# Cat aaa



## DeanV (Apr 18, 2007)

Added the aaa to a cart instead of leaving it as a wall mount unit. A couple more changes and it will be ready for testing. Attached some 1/8" metal to the cart frame to mount the pump to.


----------



## NCPaint1 (Aug 6, 2009)

Everything looks good except the 5gal bucket sitting there


----------



## DeanV (Apr 18, 2007)

Don't worry, it was just the closest 5 gallon to where I was setting up the pump to use for size. I do not plan on shooting Loxon XP with it


----------



## straight_lines (Oct 17, 2007)

Dean I was so close to buying that pump last week.

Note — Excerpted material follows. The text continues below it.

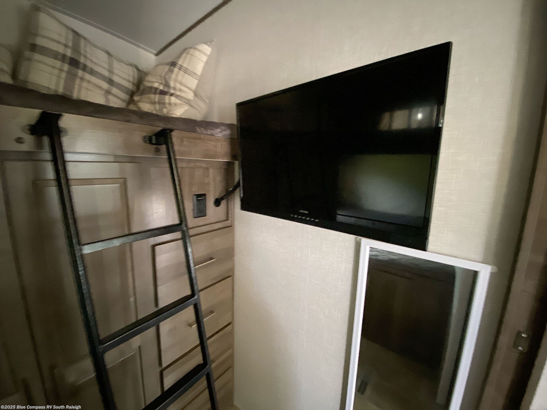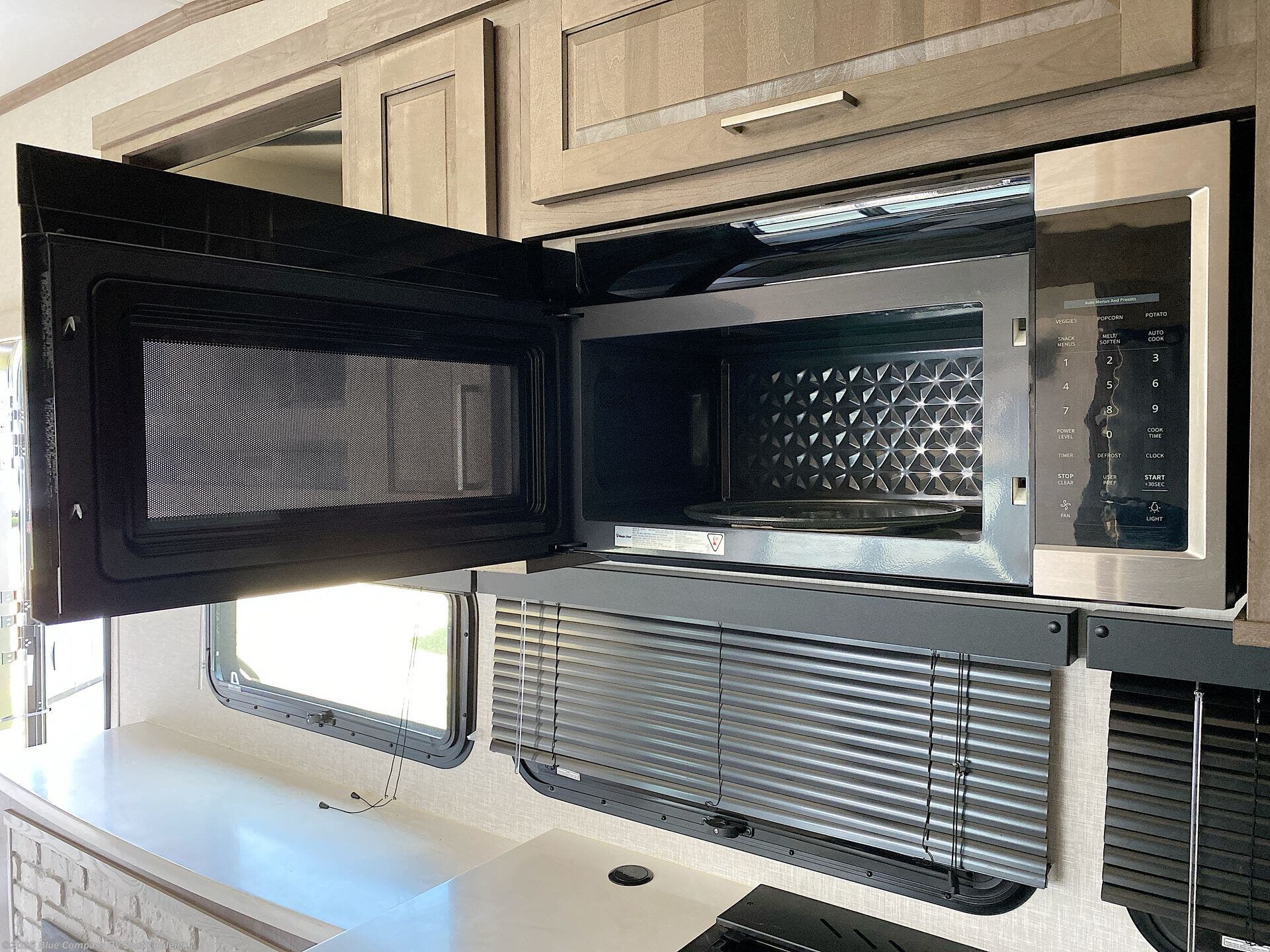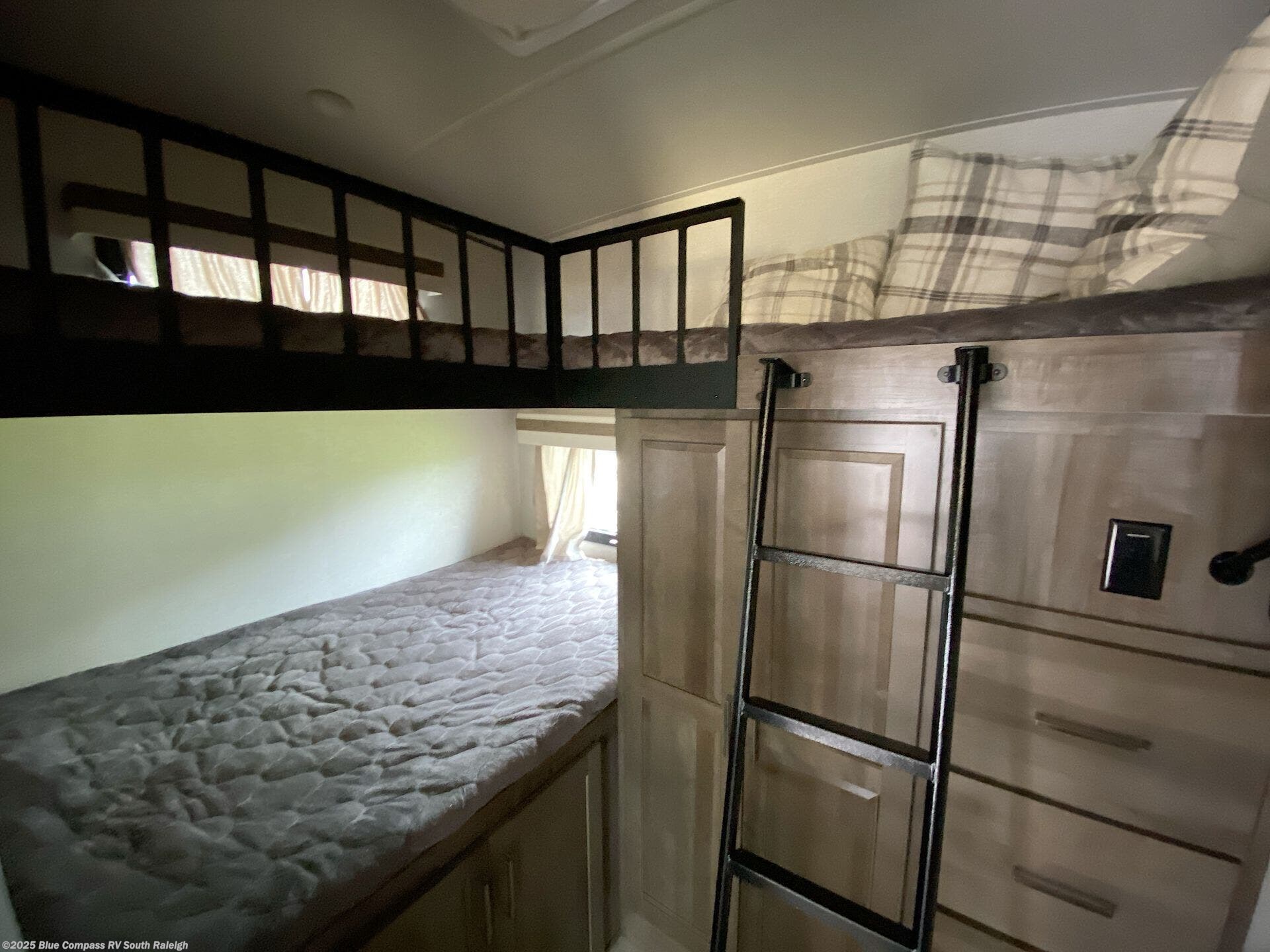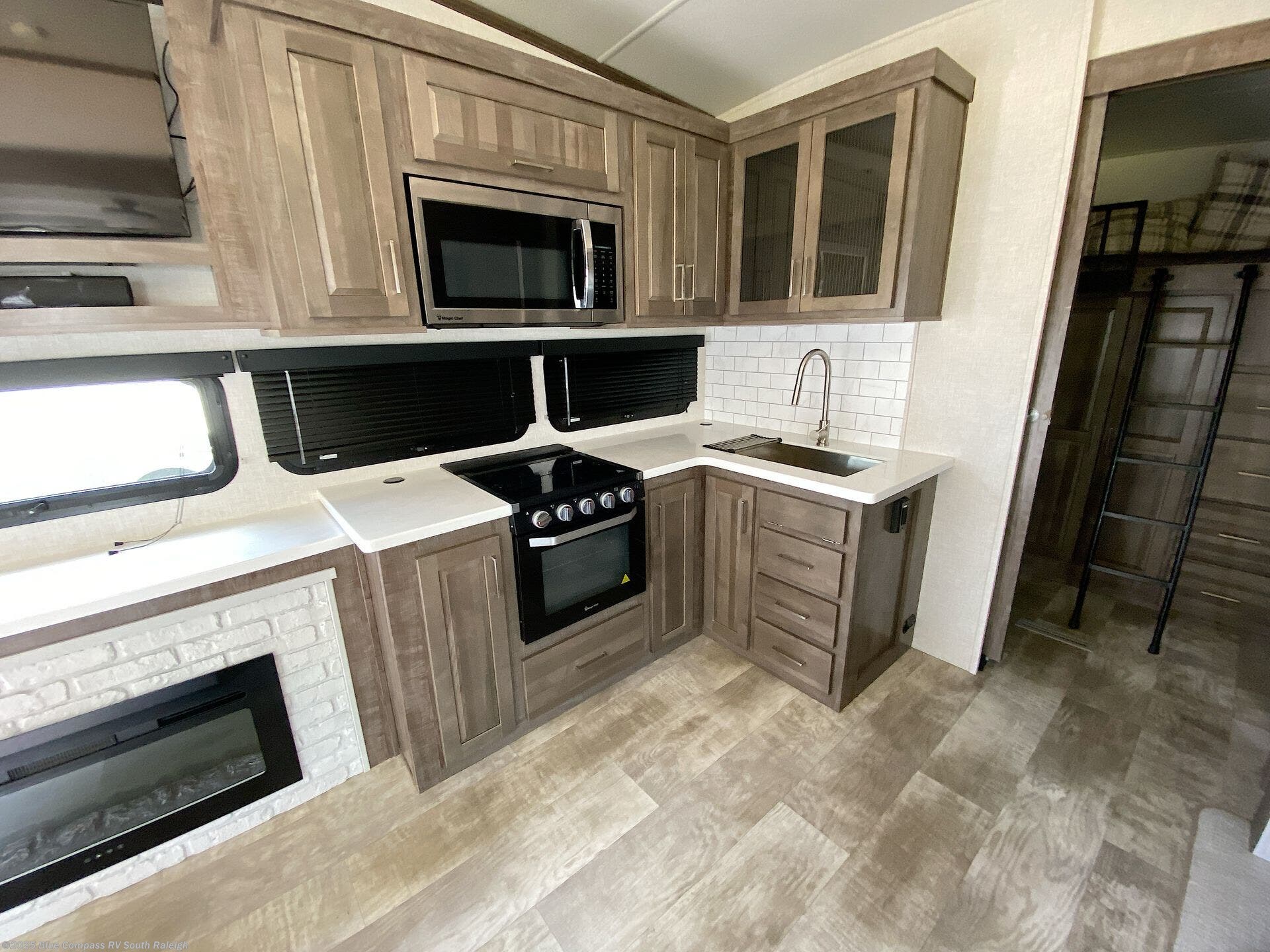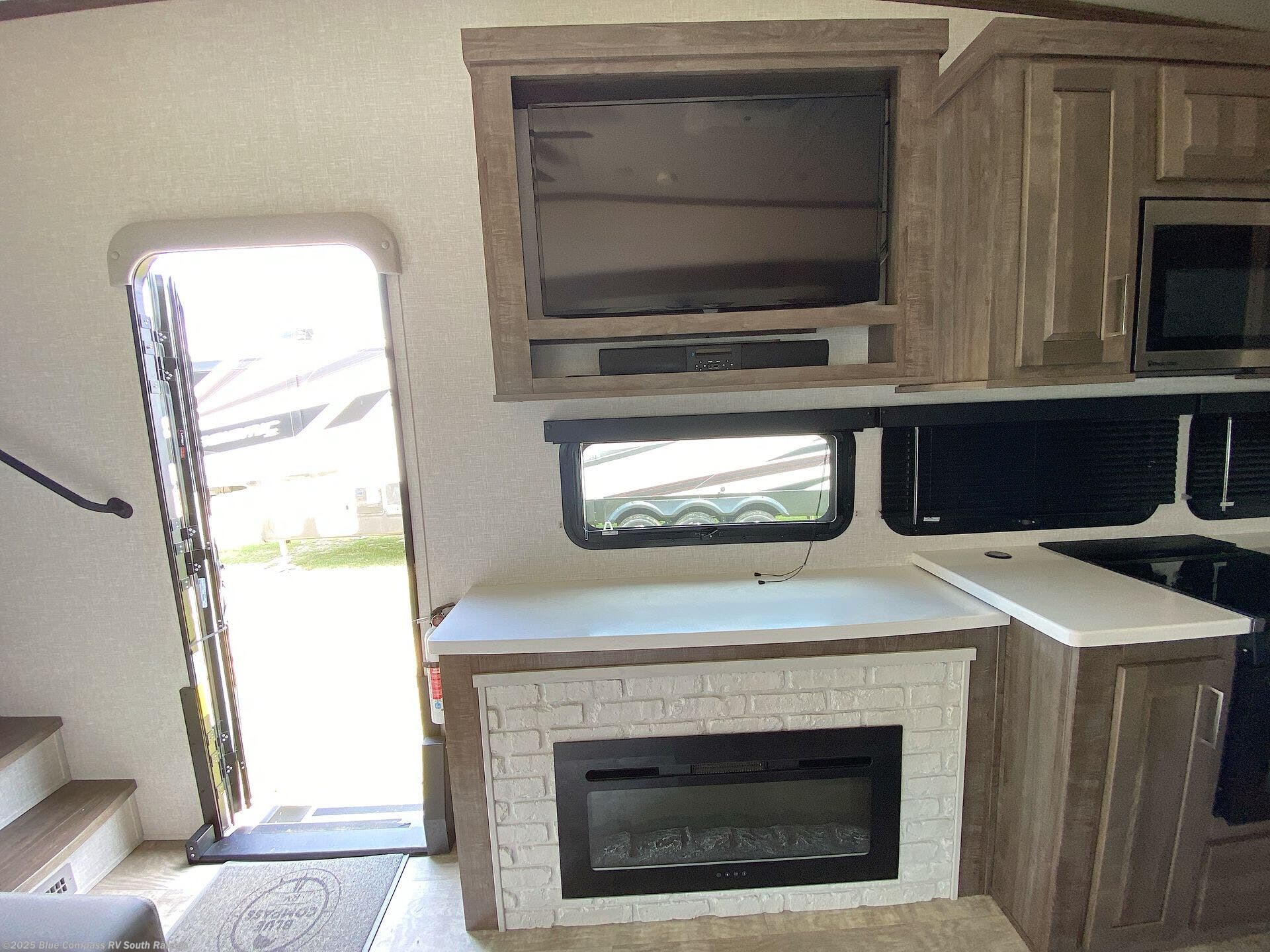 Looking to travel with your family and friends and need lots of space for everyone? This fifth wheel offers a master suite with a queen bed, a wardrobe slide that stretches into the double entry bathroom, plus more storage. On the opposite side of the fifth wheel there is a private bunkhouse with triple bunks, and storage. The main living and kitchen area includes a slide out which offers a king U-shaped dinette to dine at, play games with friends, and provides sleeping if needed, plus an 11 cu. ft. refrigerator and a pantry. There is a hide-a-bed sofa as well, and an LED TV with a fireplace below to enjoy when inside. The cook will have full amenities indoors plus an outside kitchen and a griddle to make more meals while enjoying the outdoors and the 20' power awning.

Wasted two hours this morning on a graco unit sw had in the back store manager tried to sell me Friday at a deal which had been demoed. <-- more like not cleaned at all and dropped out of a truck going down the highway.


----------



## vermontpainter (Dec 24, 2007)

Nice looking rig Dean. Is it street legal?


----------



## DeanV (Apr 18, 2007)

I am switching out the parts that are needed to make it the same as the WB H2O model. Just need to get a larger diameter pick-up tube and the newer opti tip that was designed for the WB finishes. 

The only thing I noticed, is if I move it in a pick-up, I will have packing fluid all over, since the cart will not fit vertically in a pick-up truck. 

I also had to order a new air pressure gauge some unnamed idiot was tightening the air fittings so both sides were square and snapped off a regulator in the process. I hate it when I do stuff like that. Of course it is a 1/8" fitting on the air gauge and that is not available at any local store, so I had to order one up. Once that gets here I am ready to give it a try. 

The cart will be nice for moving a 5'er around as needed when I need more reach. The factory cart would not do that since it does not have a platform on the bottom. 

I really want to get some product through this thing soon. I do not have any suitable projects on the horizon though.


----------



## NCPaint1 (Aug 6, 2009)

Dean, looks like you have some scaffold in the background, black with orange flames would be sweet. You could spray that.


----------



## Workaholic (Apr 17, 2007)

Looking good Dean. :thumbsup:

Looks like you need a rack system. :whistling2:


----------



## DeanV (Apr 18, 2007)

Unfortunately, flames are above my pay scale. 

I do see an erectarack in my future.


----------



## mr.fixit (Aug 16, 2009)

pretty clever


----------



## Ramsey (Jan 15, 2011)

Hey dean cool setup. Boy if I though of that I might have used it more often. Lol. I toted all my product back and forth to the shop to shoot it. Pain in the butt. That's y I only used it a few times. Moving 4x8 sheets if plywood panels with fresh cv and stain on em wasn't fun. Great idea bud. Shoulda called me I have an extra brand new regulator.


----------